The Democrat very likely would be elected.
Democrats need to catch on to this simple truth: Their party is too liberal.
That is why it has won just five presidential elections since Harry Truman, while the Republicans have won nine.
The Democratic Party appeals to an eclectic assemblage of interests. This assemblage includes well-intentioned people who are comfortable with expanding the role of government. It includes people who like to think of themselves as the liberal intelligentsia. It includes Big Labor, which can count on Democratic officeholders for legislation to benefit unions. And it includes minorities and others who believe they can benefit from so-called entitlement programs.
Those groups provide the Democrats with a lot of voters, but they omit a lot, too. They omit people who are conservative about the role of government and — this was vital in Tuesday’s election — many of those who hold strong religious beliefs.
Many of these ordinary people who are not members of the Democratic clique will sometimes vote for Democratic candidates. First, however, they have to be convinced that the candidate is in reasonable agreement with their moral and spiritual beliefs.
As we analyze what happened Tuesday, let’s look at the all-important state of Ohio, whose electoral votes, added to those of other Midwestern and Southern states, gave Republican George W. Bush a second term as president.
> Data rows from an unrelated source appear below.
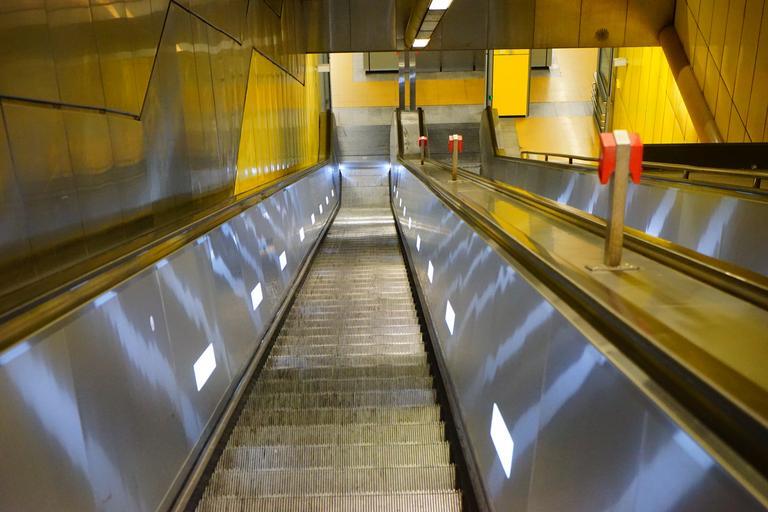 Keywords: escalator stairs handrails means of rail transport roller platform gradually underground down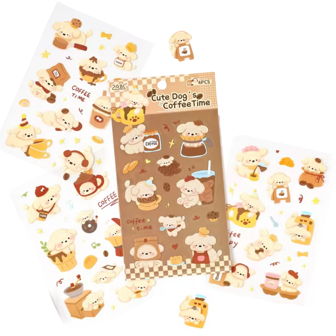 4pcs Cute Dog Coffee Time Sticker Sheets
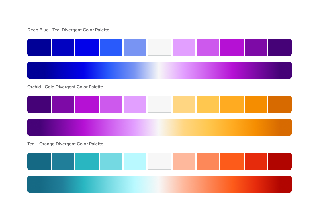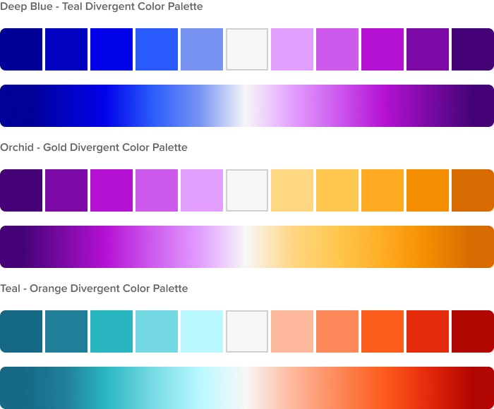 Divergent colors aid users to distinguish numeric meaning also. They’re useful when dealing with a range of two extreme with a baseline. (Ex. Negative to Positive Values)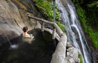 自家用車が入れない国立公園の中にある秘湯の温泉宿に、2人で宿泊するコースです。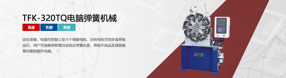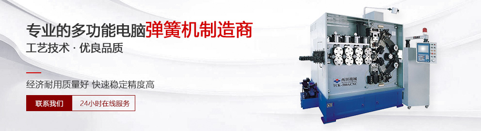 東莞市西田彈簧機械有限公司,位于美麗的珠江畔,中國最具魅力城市——東莞市,地理位置優(yōu)越,交通方便。 東莞市西田彈簧機械有限公司是集彈簧設(shè)備研發(fā)、測試、制造、銷售于一體的民營科技企業(yè),生產(chǎn)的電腦彈簧機型號有:TCK-208N/Y壓簧機、TCK-208B壓簧機、TCK-220A/226A壓簧機、TCK-235A/335A壓簧機、TCK-350A/550A壓簧機、TCK-580A壓簧機、TFK-320TQ/620TQ數(shù)控彈簧機、TFK-330/335TQ數(shù)控彈簧機、TFK-340/350TQ數(shù)控彈簧機等系列,彈簧機繞制的鋼線直徑為0.15-8.0毫米,可繞制拉簧、扭簧、壓簧、異形簧等各式彈簧......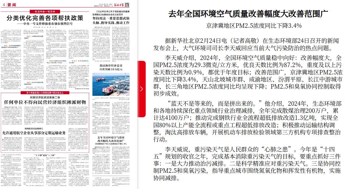 河北日报:去年全国环境空气质量改善幅度大改善范围广 京津冀地区PM2.5浓度同比下降3.4%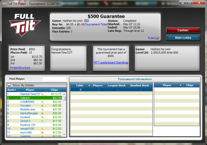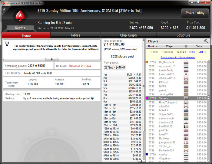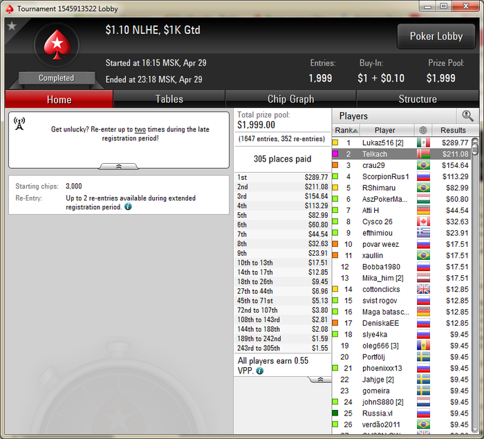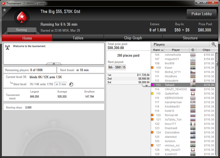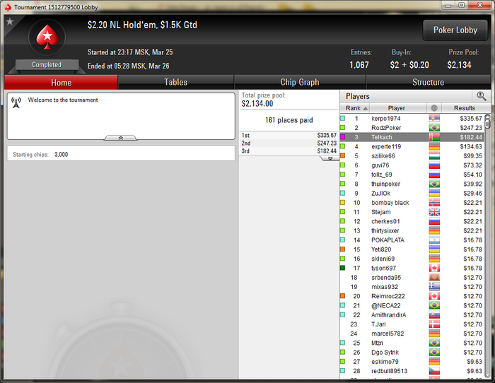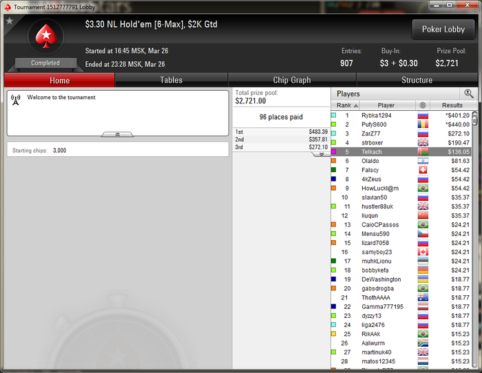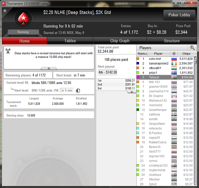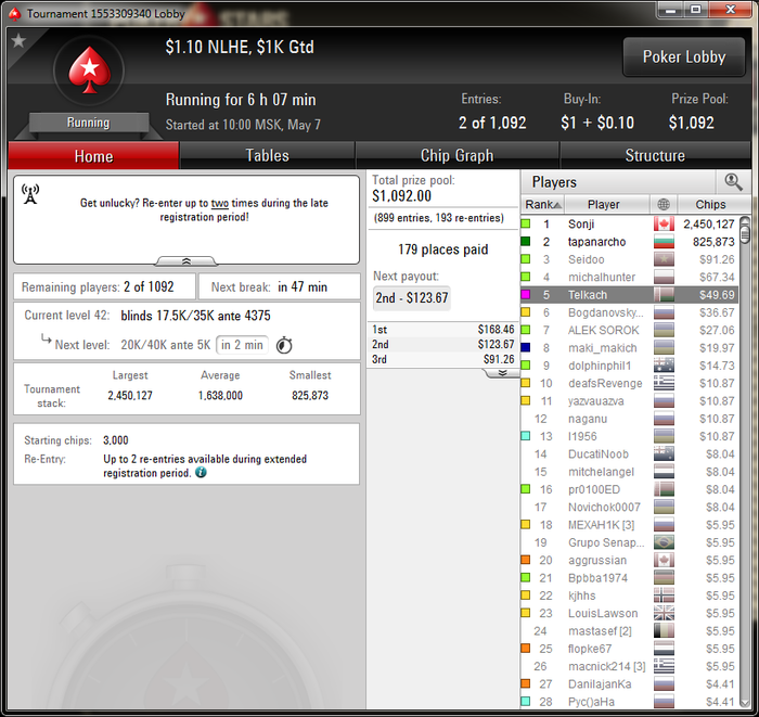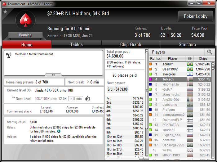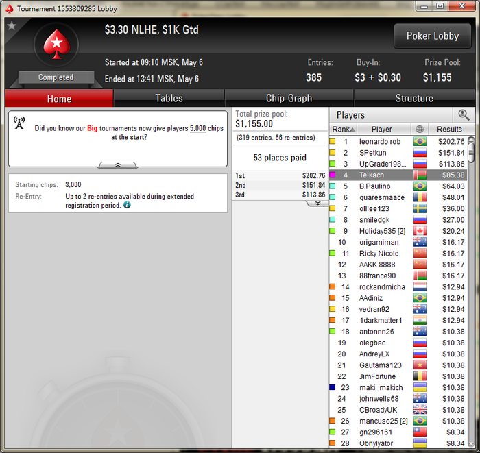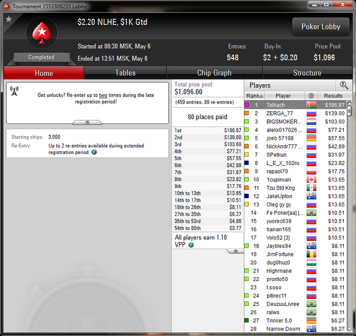 Не пускают на "пьедестал" в этом ребайнике в который раз, то 5-й вылетаю, то 4-й. В последнем особенно обидную не втащил с АА против 33 префлоп, за супер доминирующий чип-стэк - макнули мордой в кал, выложив на флоп троечку )) Правда удалось ещё чуток удвоиться и пересидеть одного бойца - "односельчанина" )))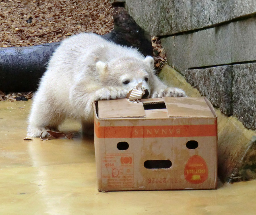 Abwechslung gab es auch im Animationsprogramm für die beiden Eisbären: die Tierpflegerin hatte zwei Bananen-Kartons auf die Anlage gelegt.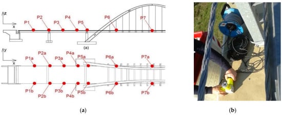 (a) Layout of measurement points for evaluation of modal properties of the bridge, (b) sensor assembly.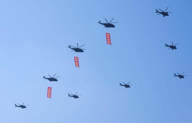 空中護(hù)旗梯隊(duì)3日上午飛過(guò)天安門(mén)廣場(chǎng)上空,拉開(kāi)了閱兵分列式帷幕?罩凶o(hù)旗梯隊(duì)由45架直升機(jī)組成。中國(guó)共產(chǎn)黨黨旗、中華人民共和國(guó)國(guó)旗、中國(guó)人民解放軍軍旗,各懸掛在1架直-20通用直升機(jī)正下方,分別由2架直-10武裝直升機(jī)組成左右僚機(jī)對(duì)其進(jìn)行護(hù)衛(wèi);26架直-19武裝直升機(jī)組成“80”字樣,寓意紀(jì)念中國(guó)人民抗日戰(zhàn)爭(zhēng)暨世界反法西斯戰(zhàn)爭(zhēng)勝利80周年;3架直-8L運(yùn)輸直升機(jī)分別懸掛“正義必勝”“和平必勝”“人民必勝”條幅,7架直-20T直升機(jī)圍繞標(biāo)語(yǔ)形成三角隊(duì)形,依次通場(chǎng)?罩凶o(hù)旗梯隊(duì)由陸軍牽頭組建。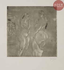Jules PASCIN (Julius Pinkas, dit) - Comparaison. 1929. Pointe sèche et aquatinte. 177 x 179. Rambert 162. Parfaite épreuve sur vélin, signée au crayon. Toutes marges.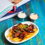 Fried wings tossed in your choice of sauce (smoked barbecue, buffalo sauce), French fries and ranch sauce.

A fourth of Ohio’s voters identified themselves as born-again Christians, the kind of people who would agree with Bush and not Sen. John Kerry on moral issues like partial birth abortion and same-sex marriage. They turned out in large numbers to support an amendment to their state constitution banning the governmental sanctioning of homosexual unions. These people supported Bush by a margin of three to one.
So whatever had been said about the candidates’ military service, about the war in Iraq, about Social Security, about prescription drugs, it was people of faith, people to whom moral issues are important, who elected Bush and defeated Kerry.
The Democratic Party would help itself by getting in line with the country on social issues. It would help the nation, too.